Sony has done an excellent job with all three films for this DVD release. We get the original widescreen aspect ratios (Toho-vision!) as well as both the United States and Japanese versions. It's a Toho completist's dream come true! Previously we had only seen these films released on very poor VHS copies that only offered fullscreen Americanized cuts. There are still a lot of scratches and grain to be found, but that is part of the charm of these types of films. When the effects are done with matte paintings, models, and overlays you don't need a pristine digital transfer to ruin all the fun. We get both Japanese and English versions of all three films which means extra footage in some places. Mothra gets almost a full ten minutes added when you watch the original language version, H-Man gets seven extra, and Battle in Outer Space is the same length no matter which version you chose. You can either read subtitles or listen to the Western dub. Fans will really want to see both, because it changes the tone just a little depending on which one you watch. It doesn't look like this is done with branching at all, and each film is transferred twice on to the disc in its entirety.

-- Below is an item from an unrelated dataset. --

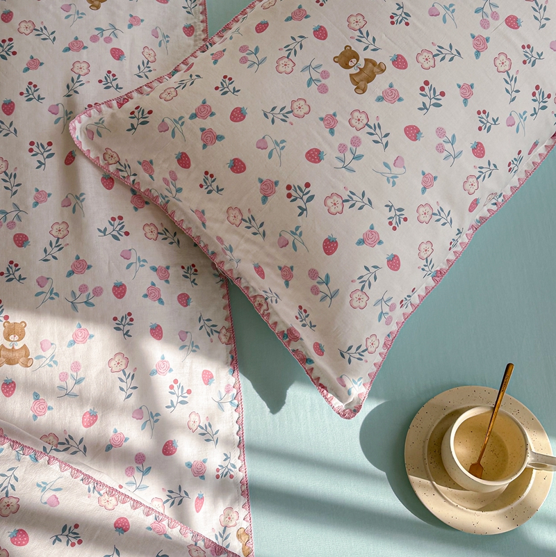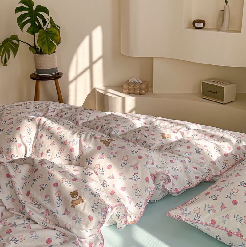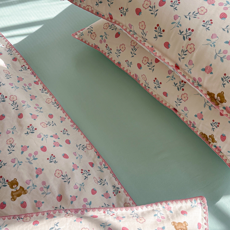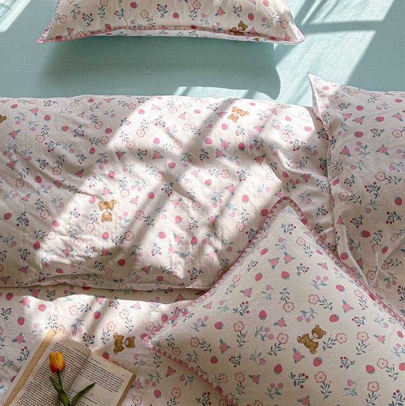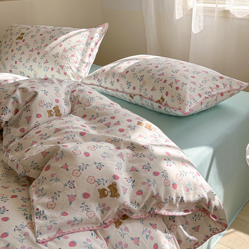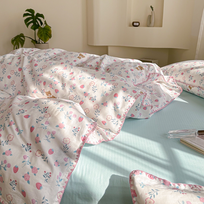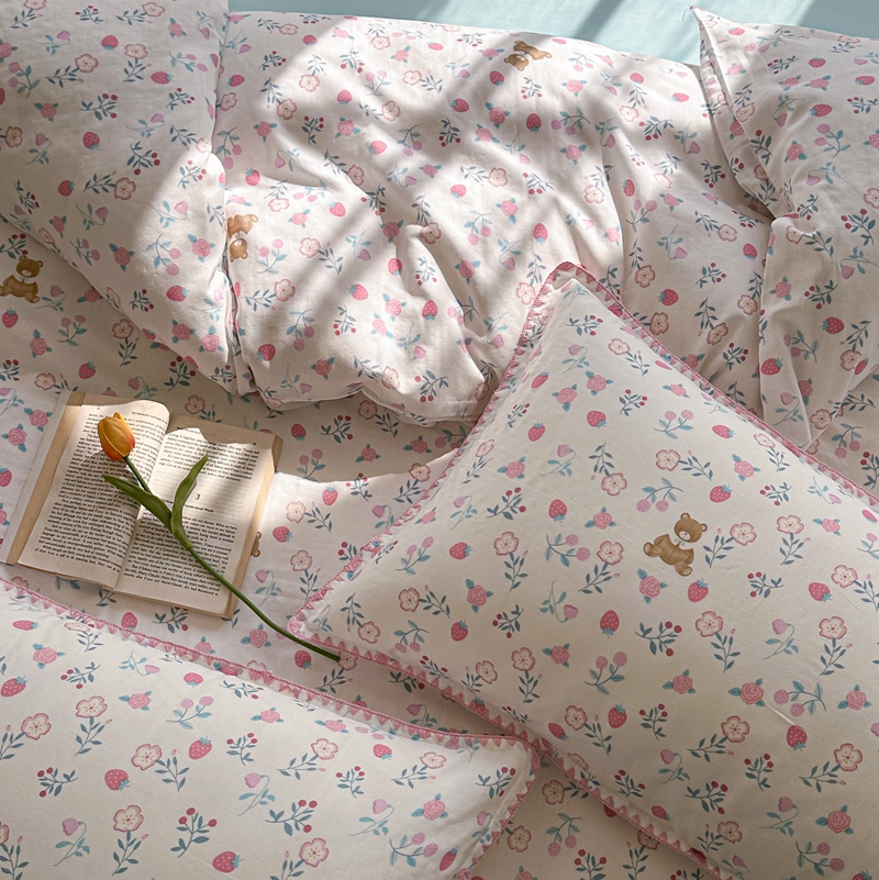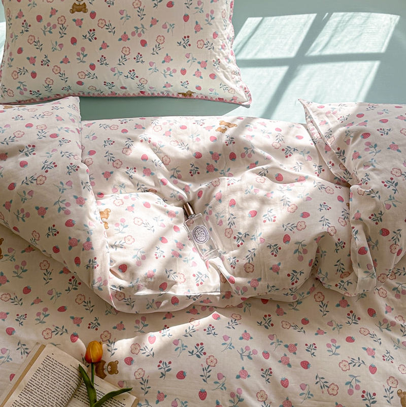 洋铭区(原狠狠爱) 2024新款全棉双层纱四件套 草莓小熊熊

Extras include commentary by two authors who have written books about Toho and Japanese monster movies, Steve Ryfle and Ed Godziszewski. Apparently the two men are preparing to publish a biography of Japanese director Ishiro Honda as a joint effort. They talk over the English language print of Mothra, and both versions of Battle in Outer Space. The two men offer significant information on the productions, and even call other participants on the phone during the commentary to add color and authenticity. These are two of the best commentaries I have heard this year for DVD. H-Man only offers some previews as its sole supplement.
The Rebuttal Witnesses
Oddly enough the worst thing about the set is the packaging. All three films are presented on single discs that are stacked on one spindle in a single disc case. Yep, the side that plays for one disc is resting on the label of another. It is amazing there are not massive issues with them scratching each other. Fans are up in arms about it, and it looks strange and cheap when you open the box. I've also heard rumblings that the subtitles on Battle in Outer Space sometimes don't work so well, coming on during the English dub or popping up when nobody is speaking. My advice is to check the discs carefully once you make a purchase, and keep that receipt handy in case you have any issues.

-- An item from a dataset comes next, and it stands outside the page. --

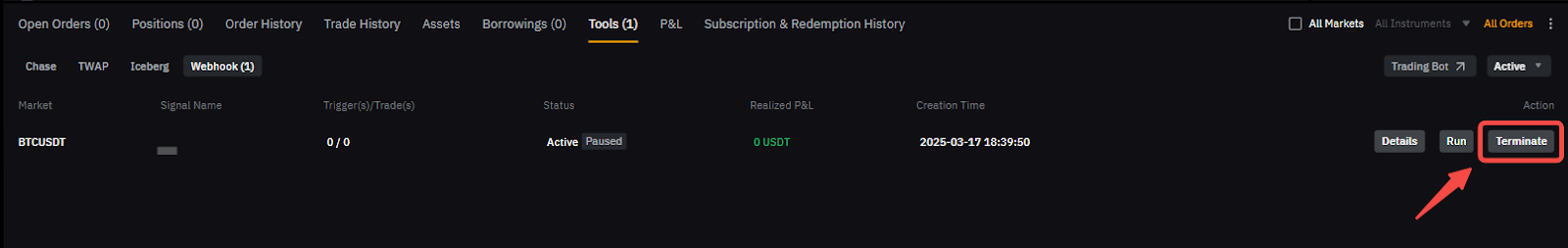 Penghentian atau Jeda Manual: Untuk menghentikan sinyal webhook secara manual, navigasikan ke Tab Alat. Temukan sinyal yang diinisiasi oleh webhook yang ingin Anda tutup dan klik Hentikan. Jika Anda ingin menghentikan strategi untuk sementara waktu, klik Jeda.

Icons of Sci-Fi: Toho Collection is one of the best film sets offered up this year. Unfortunately, it's housed in some of the worst packaging I've seen. Three DVDs stacked up on top of one another would seem to encourage scratches and other issues. Still, the content is worth the risk considering you get US and Japanese versions along with excellent commentaries. It's hard to resist a smile once the Peanuts start singing the Mothra song which brings the angry wrath of a butterfly moth on Tokyo. Toho Studios may have brought us classics from celebrated directors like Kurosawa, but they will probably be more fondly remembered for their contribution of cheesy B-grade science fiction and monster movies. There's an art on display, even if it is a creative use of toy trains and rubber suits.
Guilty of making me feel like I'm six years old again watching Creature Feature, but this time I see the whole picture and get a lecture to boot.